Data listing: Begin
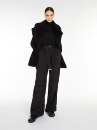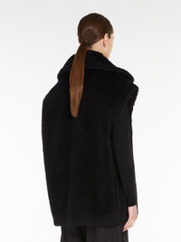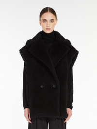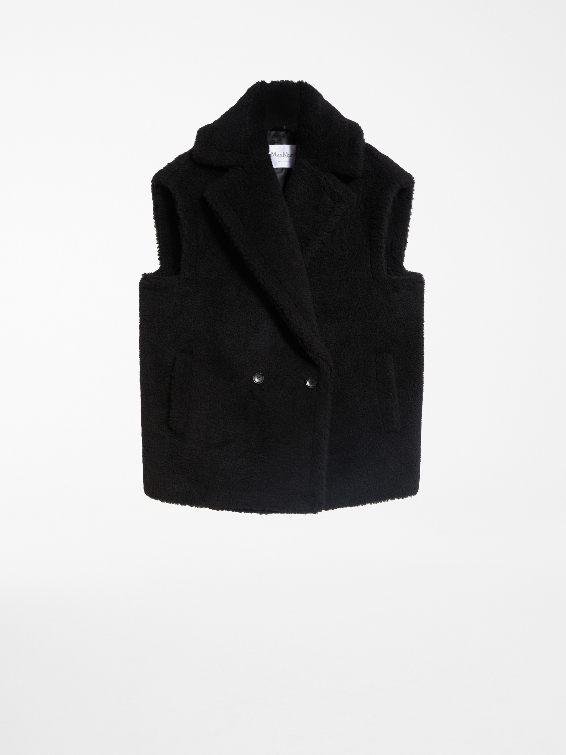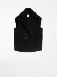 DETAILS Oversized gilet in alpaca and wool Teddy fabric, with wide lapel collar and welt pockets. Lined with monogram fabric. Double-breasted fastening with buttons. Length: 75 cm. COMPOSITION AND CARE Jersey fabric 62% alpaca, 26% virgin wool, 12% silk; lining 100% viscose. Do not wash; do not bleach; do not tumble dry; do not iron; professionally dry clean perchloroethylene - mild process; do not wet clean.; do not iron the buttons.; protect buttons before washing.; contains non-textile parts of animal origin. Distributed by Max Mara S.r.l., registered office in Reggio Emilia (Italy), Via Giulia Maramotti 4, 42124 (IT)
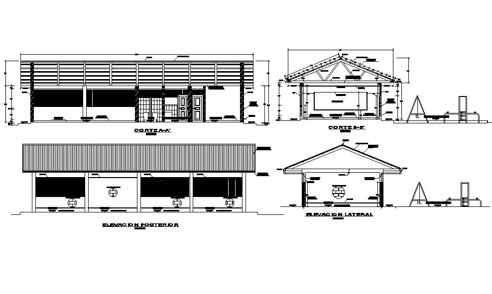 Section Construction class room primary level for educative institution plan detail dwg file, front elevation detail, side elevation detail, section A-A’ detail, section B-B’ detail, dimension detail, naming detail, etc.
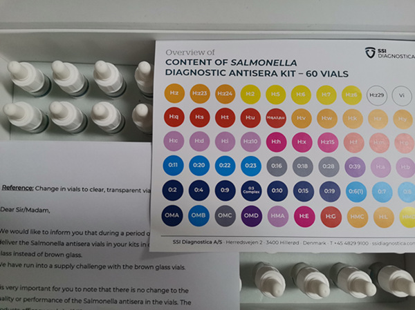 沙門氏菌診斷血清是通過玻片凝集法將培養(yǎng)好的細(xì)菌進(jìn)行分型,確認(rèn)是哪些分型的沙門氏菌。
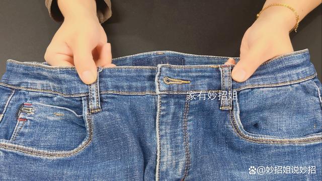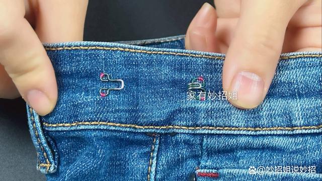 這樣我們再穿褲子的時候,只要把掛鉤扣好,褲腰就變小了,也就更加的貼合身形了。如果褲腰緊的話,我們將掛鉤解開,褲腰又恢復了原樣。
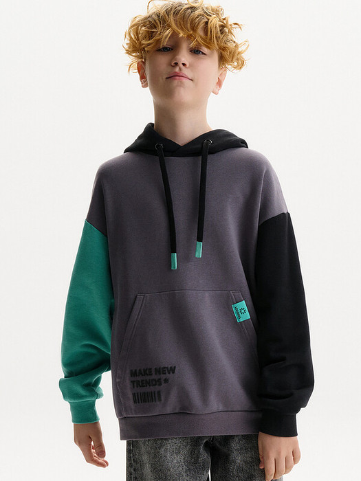 Худи для мальчика без начеса – актуальная вещь в любом сезоне, будь то весна, лето или осень. Кофта спортивная для мальчика выполнена из плотного футера-петля, который отлично согревает в прохладную погоду и при этом хорошо пропускает воздух – ребенок активно двигается, играет, не потеет. Толстовка свободного покроя оверсайз со спущенным плечом, углубленной проймой. Рукава а также низ изделия на манжете из рибаны. Удобный карман кенгуру. Капюшон на запахе со шнурками для регулировки. Изделие выполнено в актуальном стиле Digital и понравится юным геймерам. По переду текстовый принт. Перевод принта "make new trends" - делай новые тренды. Размерный ряд подходит как для малышей так и для подростков.
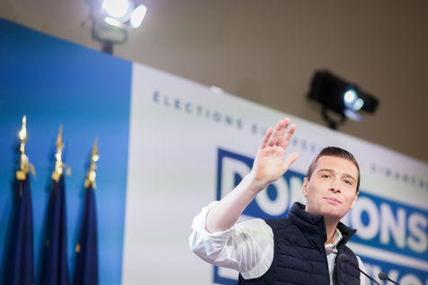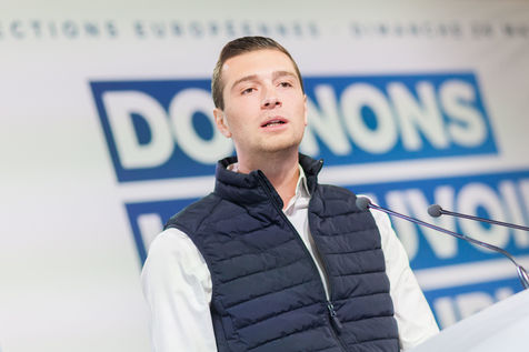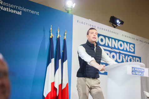 Meeting de Marine Le Pen accompagnée de la tête de liste du Rassemblement National pour les élections européennes Jordan Bardella à Chassors près de Jarnac en Charente, le 12 avril 2019 à Chassors, France.
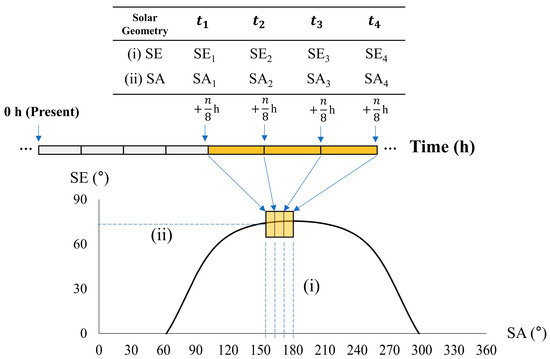 Solar elevation (SE) angle and solar azimuth (SA) angle variables are included in this study since incorporating solar geometry has shown the ability to improve the accuracy of short-term PV power forecasts [36]. Given that solar irradiance is highly dependent on the sun’s location, SE and SA were added since these variables are used to determine solar position and because they are easily accessible given prior knowledge of the target’s location [33,44]. Considering that SE and SA follow a cyclic pattern with respect to the sun’s location relative to the earth, hourly SE and SA data can be further divided into additionally shorter time intervals to represent solar geometry in finer detail or at a higher temporal resolution [36]. For this study, each hourly timestamp was divided into four SE and four SA data values. To clarify this concept, Figure 5 displays a schematic showing the division of the solar geometry variables. For an n h-ahead PV forecast being conducted at 0 h, SE and SA values are allocated to the four timestamps in the latter half of the forecast horizon highlighted in yellow in Figure 5. In this study, 2 h-ahead forecasts use solar geometry variables at 20-min interval timestamps and 1 h-ahead forecasts at 10-min interval timestamps. SE and SA variables were calculated using the pvlib library in Python [45].
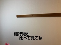 今回は、和風の家具を置いてある居室に梅の模様が入ったクロスを貼らせて頂きました。
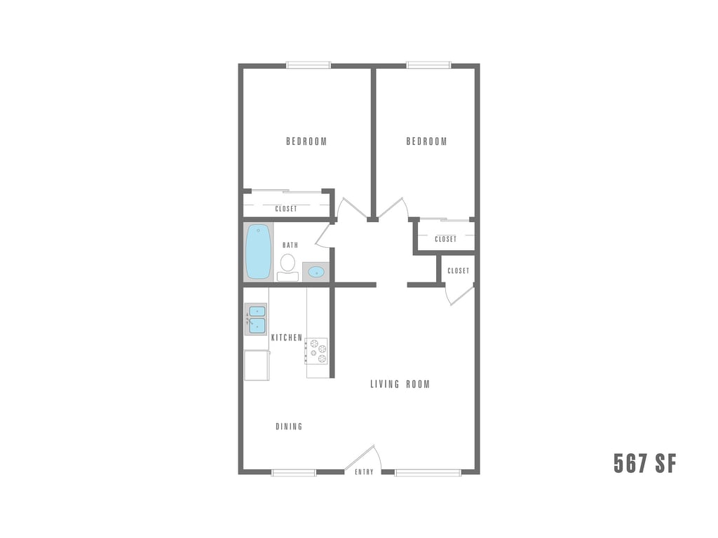 Apartment Model: 2 Bedroom 1 BathFrom $9802 Bedroom, 1 Bath, 567-750 sq ftAvailable NowFloor plans are artist's rendering. All dimensions are approximate. Actual product and specifications may vary in dimension or detail. Not all features are available in every rental home. Please see a representative for details.
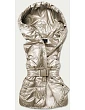 Vesta je lehce zateplená syntetickou péřovou výplní, má jednoduchý střih, dvě kapsy a zapíná se patentkami. Model má kapuci, kterou není možné odepnout. V pase je opasek. Model má délku k bokům.
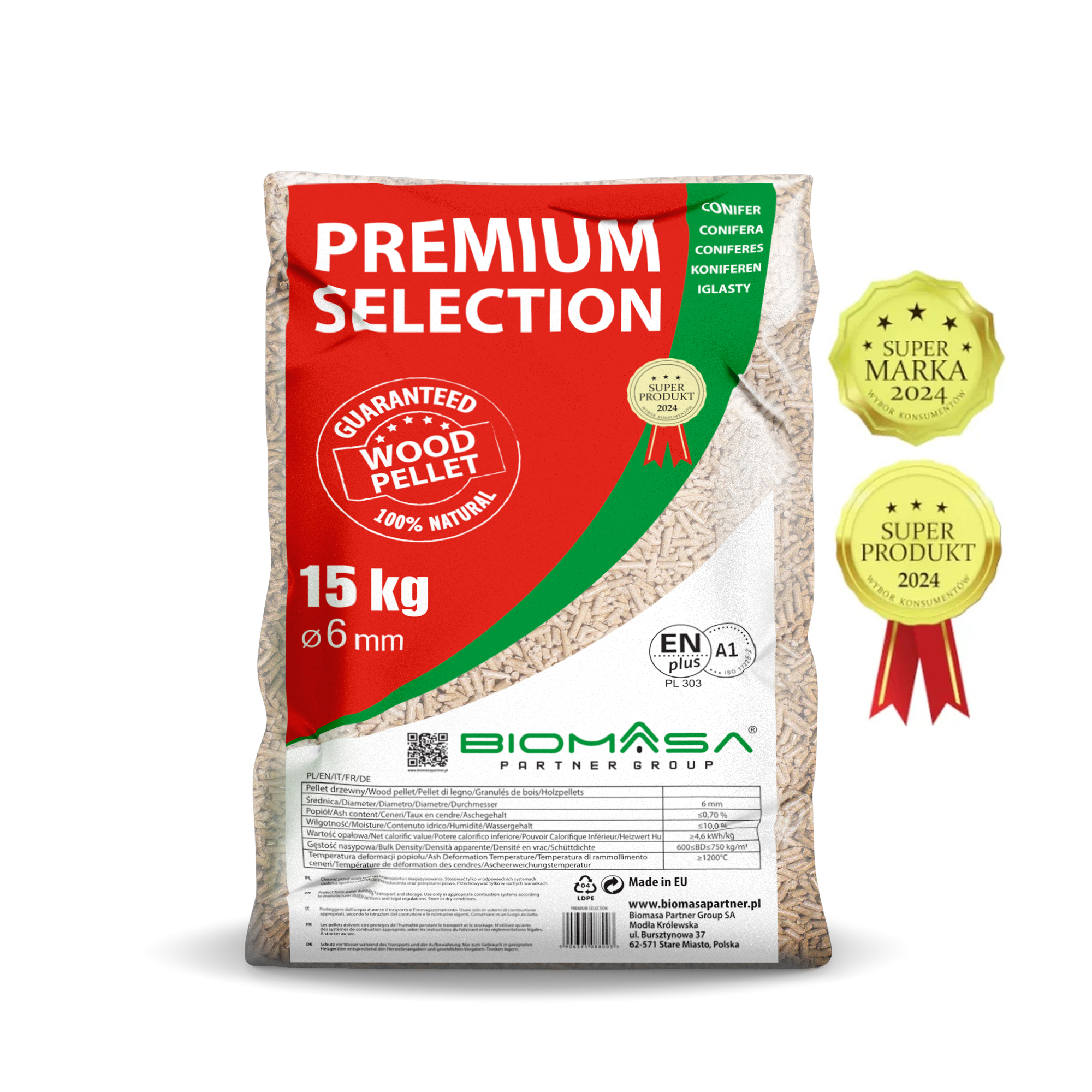 Pellet pakowany jest w worki 15 kg i układany na paletach po 65 szt.
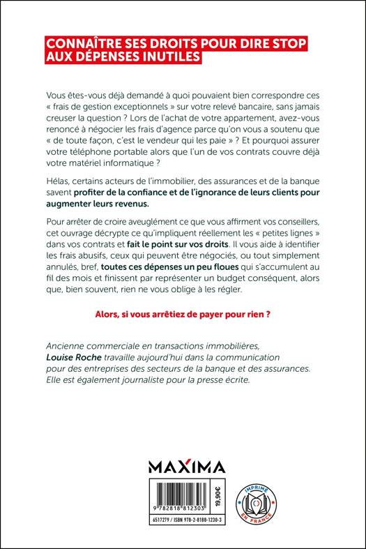 Vous êtes-vous déjà demandé à quoi pouvaient bien correspondre ces « frais de gestion exceptionnels » sur votre relevé bancaire, sans jamais creuser la question ? Lors de l’achat de votre appartement, avez-vous renoncé à négocier les frais d’agence parce qu’on vous a soutenu que « de toute façon, c’est le vendeur qui les paie » ? Et pourquoi assurer votre téléphone portable alors que l’un de vos contrats couvre déjà votre matériel informatique ? Hélas, certains acteurs de l’immobilier, des assurances et de la banque savent profiter de la confiance et de l’ignorance de leurs clients pour augmenter leurs revenus. Pour arrêter de croire aveuglément ce que vous affirment vos conseillers, cet ouvrage décrypte ce qu’impliquent réellement les « petites lignes » dans vos contrats et fait le point sur vos droits. Il vous aide à identifier les frais abusifs, ceux qui peuvent être négociés, ou tout simplement annulés, bref, toutes ces dépenses un peu floues qui s’accumulent au fil des mois et finissent par représenter un budget conséquent, alors que, bien souvent, rien ne vous oblige à les régler. Alors, si vous arrêtiez de payer pour rien ?
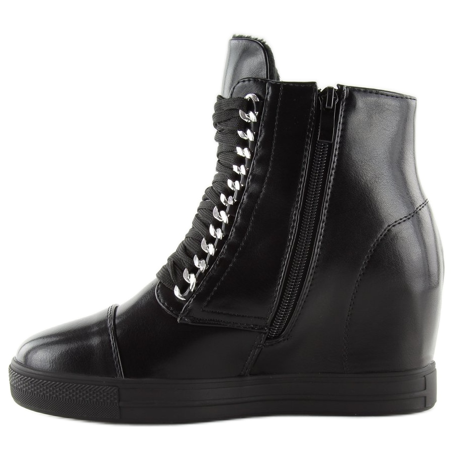 The NC737 Black hidden wedge ankle boots are the perfect choice for women who want to combine a fashionable look with comfort. These stylish 7 cm high ankle boots will add a touch of sparkle to your wardrobe, thanks to their shiny finish that attracts attention.
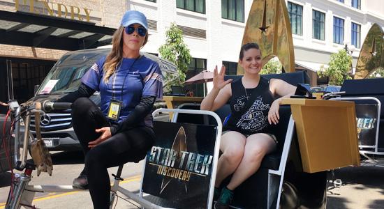 All along Fifth Avenue and the other streets in the Gaslamp District, SDCC attendees have been boldly going in style... aboard Star Trek: Discovery pedicabs. Inspired by the design of the U.S.S. Discovery’s captain’s chair, the pedicabs feature the series’ chair’s distinctive stitched black seats as well as video monitors built into its arm rests which, in this case, screen trailers for the new show. As an added touch, each pedicab displays an illuminated delta shield on the back.
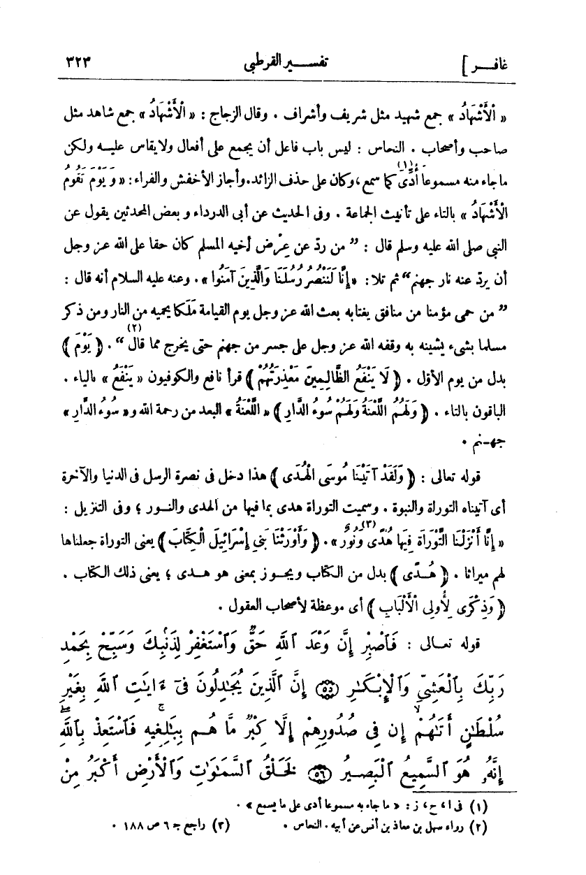 " الْأَشْهادُ" جَمْعُ شَهِيدٍ مِثْلَ شَرِيفٍ وَأَشْرَافٍ. وَقَالَ الزَّجَّاجُ:" الْأَشْهادُ" جَمْعُ شَاهِدٍ مِثْلُ صَاحِبٍ وَأَصْحَابٍ. النَّحَّاسُ: لَيْسَ بَابُ فَاعِلٍ أَنْ يُجْمَعَ عَلَى أَفْعَالٍ وَلَا يُقَاسُ عَلَيْهِ وَلَكِنْ مَا جَاءَ مِنْهُ مَسْمُوعًا أُدِّيَ كَمَا سُمِعَ، وَكَانَ عَلَى حَذْفِ الزَّائِدِ. وَأَجَازَ الْأَخْفَشُ وَالْفَرَّاءُ:" وَيَوْمَ تَقُومُ الْأَشْهَادُ" بِالتَّاءِ عَلَى تَأْنِيثِ الْجَمَاعَةِ. وَفِي الْحَدِيثِ عَنْ أَبِي الدَّرْدَاءِ وَبَعْضُ الْمُحَدِّثِينَ يَقُولُ عَنِ النَّبِيِّ صَلَّى اللَّهُ عَلَيْهِ وَسَلَّمَ قَالَ:" من رَدَّ عَنْ عِرْضِ أَخِيهِ الْمُسْلِمِ كَانَ حَقًّا عَلَى اللَّهِ عَزَّ وَجَلَّ أَنْ يَرُدَّ عَنْهُ نَارَ جَهَنَّمَ" ثُمَّ تَلَا:" إِنَّا لَنَنْصُرُ رُسُلَنا وَالَّذِينَ آمَنُوا". وَعَنْهُ عَلَيْهِ السَّلَامُ أَنَّهُ قَالَ:" مَنْ حَمَى مُؤْمِنًا مِنْ مُنَافِقٍ يَغْتَابُهُ بَعَثَ اللَّهُ عَزَّ وَجَلَّ يَوْمَ الْقِيَامَةِ مَلَكًا يَحْمِيهِ مِنَ النَّارِ وَمَنْ ذَكَرَ مُسْلِمًا بِشَيْءٍ يَشِينُهُ بِهِ وَقَفَهُ اللَّهُ عَزَّ وَجَلَّ عَلَى جِسْرٍ مِنْ جَهَنَّمَ حَتَّى يَخْرُجَ مِمَّا قَالَ" «١»." يَوْمَ" بَدَلٌ مِنْ يَوْمَ الْأَوَّلِ." لَا يَنْفَعُ الظَّالِمِينَ مَعْذِرَتُهُمْ" قَرَأَ نَافِعٌ وَالْكُوفِيُّونَ" يَنْفَعُ" بِالْيَاءِ. الْبَاقُونَ بِالتَّاءِ." وَلَهُمُ اللَّعْنَةُ وَلَهُمْ سُوءُ الدَّارِ" اللَّعْنَةُ" الْبُعْدُ مِنْ رَحْمَةِ اللَّهِ وَ" سُوءُ الدَّارِ" جَهَنَّمُ. قَوْلُهُ تَعَالَى:" وَلَقَدْ آتَيْنا مُوسَى الْهُدى " هَذَا دَخَلَ فِي نُصْرَةِ الرُّسُلِ فِي الدُّنْيَا وَالْآخِرَةِ أَيْ آتَيْنَاهُ التَّوْرَاةَ وَالنُّبُوَّةَ. وَسُمِّيَتِ التَّوْرَاةُ هُدًى بِمَا فِيهَا مِنَ الْهُدَى وَالنُّورِ، وَفِي التَّنْزِيلِ:" إِنَّا أَنْزَلْنَا التَّوْراةَ فِيها هُدىً وَنُورٌ" [المائدة: ٤٤]." وَأَوْرَثْنا بَنِي إِسْرائِيلَ الْكِتابَ" يَعْنِي التَّوْرَاةَ جَعَلْنَاهَا لَهُمْ مِيرَاثًا." هُدىً" بَدَلٌ مِنَ الْكِتَابِ وَيَجُوزُ بِمَعْنَى هُوَ هُدًى، يَعْنِي ذَلِكَ الْكِتَابَ." وَذِكْرى لِأُولِي الْأَلْبابِ" أي موعظة لأصحاب العقول.
Data listing: End
Working from the entries above, reproduce exactly and only the lines beginning with the line that has "Vesta je lehce" and ending with the line that has "The NC737 Black"; omit all pictures.

 Vesta je lehce zateplená syntetickou péřovou výplní, má jednoduchý střih, dvě kapsy a zapíná se patentkami. Model má kapuci, kterou není možné odepnout. V pase je opasek. Model má délku k bokům.
 Pellet pakowany jest w worki 15 kg i układany na paletach po 65 szt.
 Vous êtes-vous déjà demandé à quoi pouvaient bien correspondre ces « frais de gestion exceptionnels » sur votre relevé bancaire, sans jamais creuser la question ? Lors de l’achat de votre appartement, avez-vous renoncé à négocier les frais d’agence parce qu’on vous a soutenu que « de toute façon, c’est le vendeur qui les paie » ? Et pourquoi assurer votre téléphone portable alors que l’un de vos contrats couvre déjà votre matériel informatique ? Hélas, certains acteurs de l’immobilier, des assurances et de la banque savent profiter de la confiance et de l’ignorance de leurs clients pour augmenter leurs revenus. Pour arrêter de croire aveuglément ce que vous affirment vos conseillers, cet ouvrage décrypte ce qu’impliquent réellement les « petites lignes » dans vos contrats et fait le point sur vos droits. Il vous aide à identifier les frais abusifs, ceux qui peuvent être négociés, ou tout simplement annulés, bref, toutes ces dépenses un peu floues qui s’accumulent au fil des mois et finissent par représenter un budget conséquent, alors que, bien souvent, rien ne vous oblige à les régler. Alors, si vous arrêtiez de payer pour rien ?
 The NC737 Black hidden wedge ankle boots are the perfect choice for women who want to combine a fashionable look with comfort. These stylish 7 cm high ankle boots will add a touch of sparkle to your wardrobe, thanks to their shiny finish that attracts attention.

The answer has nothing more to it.